Return each line of the records below in which the string "that" turns up.

§ INPUT DATA:
━━━━━━━━━━
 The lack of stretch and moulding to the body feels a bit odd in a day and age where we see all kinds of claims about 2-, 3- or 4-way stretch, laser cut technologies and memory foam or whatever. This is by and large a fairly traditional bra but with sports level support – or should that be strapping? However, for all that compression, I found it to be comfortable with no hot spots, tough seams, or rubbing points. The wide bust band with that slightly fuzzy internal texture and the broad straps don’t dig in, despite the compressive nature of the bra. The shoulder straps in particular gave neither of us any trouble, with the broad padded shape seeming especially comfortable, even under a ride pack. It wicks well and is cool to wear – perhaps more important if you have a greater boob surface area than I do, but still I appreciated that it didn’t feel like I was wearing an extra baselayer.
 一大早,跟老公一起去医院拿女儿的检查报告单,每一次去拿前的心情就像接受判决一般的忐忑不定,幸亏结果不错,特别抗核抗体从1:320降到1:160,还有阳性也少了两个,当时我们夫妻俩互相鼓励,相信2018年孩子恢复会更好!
━━━━━━━━━━
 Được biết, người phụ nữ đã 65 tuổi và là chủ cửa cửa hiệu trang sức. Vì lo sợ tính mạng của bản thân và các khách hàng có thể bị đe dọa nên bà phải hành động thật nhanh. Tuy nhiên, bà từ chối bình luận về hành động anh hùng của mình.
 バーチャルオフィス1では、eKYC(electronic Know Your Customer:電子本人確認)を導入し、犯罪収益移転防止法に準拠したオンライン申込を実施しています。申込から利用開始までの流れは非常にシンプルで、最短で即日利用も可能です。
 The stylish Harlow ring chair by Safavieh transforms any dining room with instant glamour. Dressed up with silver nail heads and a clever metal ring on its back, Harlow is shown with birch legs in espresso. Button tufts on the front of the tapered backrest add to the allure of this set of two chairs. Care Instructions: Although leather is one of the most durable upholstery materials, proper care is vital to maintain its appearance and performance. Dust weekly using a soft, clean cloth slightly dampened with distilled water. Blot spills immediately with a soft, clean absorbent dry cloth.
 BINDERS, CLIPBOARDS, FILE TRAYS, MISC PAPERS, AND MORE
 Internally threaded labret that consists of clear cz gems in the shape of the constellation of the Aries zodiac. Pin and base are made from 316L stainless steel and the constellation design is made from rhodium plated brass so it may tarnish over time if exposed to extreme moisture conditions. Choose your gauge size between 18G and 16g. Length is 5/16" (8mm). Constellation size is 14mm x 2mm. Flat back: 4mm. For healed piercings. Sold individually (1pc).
━━━━━━━━━━
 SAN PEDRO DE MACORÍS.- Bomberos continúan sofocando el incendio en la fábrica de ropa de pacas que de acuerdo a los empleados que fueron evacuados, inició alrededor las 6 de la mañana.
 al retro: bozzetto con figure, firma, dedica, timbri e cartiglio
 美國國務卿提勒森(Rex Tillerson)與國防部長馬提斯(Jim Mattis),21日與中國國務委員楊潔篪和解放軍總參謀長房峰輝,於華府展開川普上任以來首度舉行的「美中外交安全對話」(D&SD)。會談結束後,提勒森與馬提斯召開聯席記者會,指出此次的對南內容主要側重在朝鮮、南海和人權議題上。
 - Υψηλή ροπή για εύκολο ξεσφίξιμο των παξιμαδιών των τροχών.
━━━━━━━━━━
§ WRITTEN RESPONSE:
 The lack of stretch and moulding to the body feels a bit odd in a day and age where we see all kinds of claims about 2-, 3- or 4-way stretch, laser cut technologies and memory foam or whatever. This is by and large a fairly traditional bra but with sports level support – or should that be strapping? However, for all that compression, I found it to be comfortable with no hot spots, tough seams, or rubbing points. The wide bust band with that slightly fuzzy internal texture and the broad straps don’t dig in, despite the compressive nature of the bra. The shoulder straps in particular gave neither of us any trouble, with the broad padded shape seeming especially comfortable, even under a ride pack. It wicks well and is cool to wear – perhaps more important if you have a greater boob surface area than I do, but still I appreciated that it didn’t feel like I was wearing an extra baselayer.
 Internally threaded labret that consists of clear cz gems in the shape of the constellation of the Aries zodiac. Pin and base are made from 316L stainless steel and the constellation design is made from rhodium plated brass so it may tarnish over time if exposed to extreme moisture conditions. Choose your gauge size between 18G and 16g. Length is 5/16" (8mm). Constellation size is 14mm x 2mm. Flat back: 4mm. For healed piercings. Sold individually (1pc).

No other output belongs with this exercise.